Something is in the air regarding open-source software supply chain attacks. McCarthy does an excellent job summarizing the s1ngularity security incident, which involved the theft of an npm publishing token via a malicious pull request on GitHub. Users who downloaded the latest version had their secrets stolen; many had their private repositories uploaded to GitHub as public, and a peculiar technique of using AI to identify interesting files was employed.

🔗 Open Source

andrewkolagit/DetectPack-Forge

Neat full-stack application that uses Gemini and n8n to turn natural language into Detection rules. You’ll see many companies offering this type of service, but it’s impressive to see something implemented and shared on GitHub.

almounah/orsted

Yet another for educational use, post-exploitation, and C2 framework. Their docs site looks promising in terms of how it works, so it’d be good to add this for detection backlogs to check for telemetry.
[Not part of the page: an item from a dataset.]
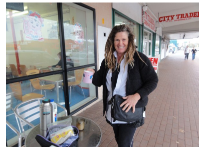
Waste Casper funds on a cup of tea? Not our Deb—she finds a table at a café in the main street and makes her own tea .

DeepSpaceHarbor/Awesome-AI-Security

awesome-* list this time for AI Security resources. This list is much more academically focused, but you’ll find a few blogs and code examples in there too.

tclahr/uac

Unix-like Artifact Collector (uac) is a forensic tool designed to collect breach artifacts across various flavors of Unix and Linux. It’s modular, allowing you to add artifact collections via configurable YAML files. It’s no install, meaning the core functionality is a big ol’ shell file, which means it can run on everything from NAS boxes to IoT devices.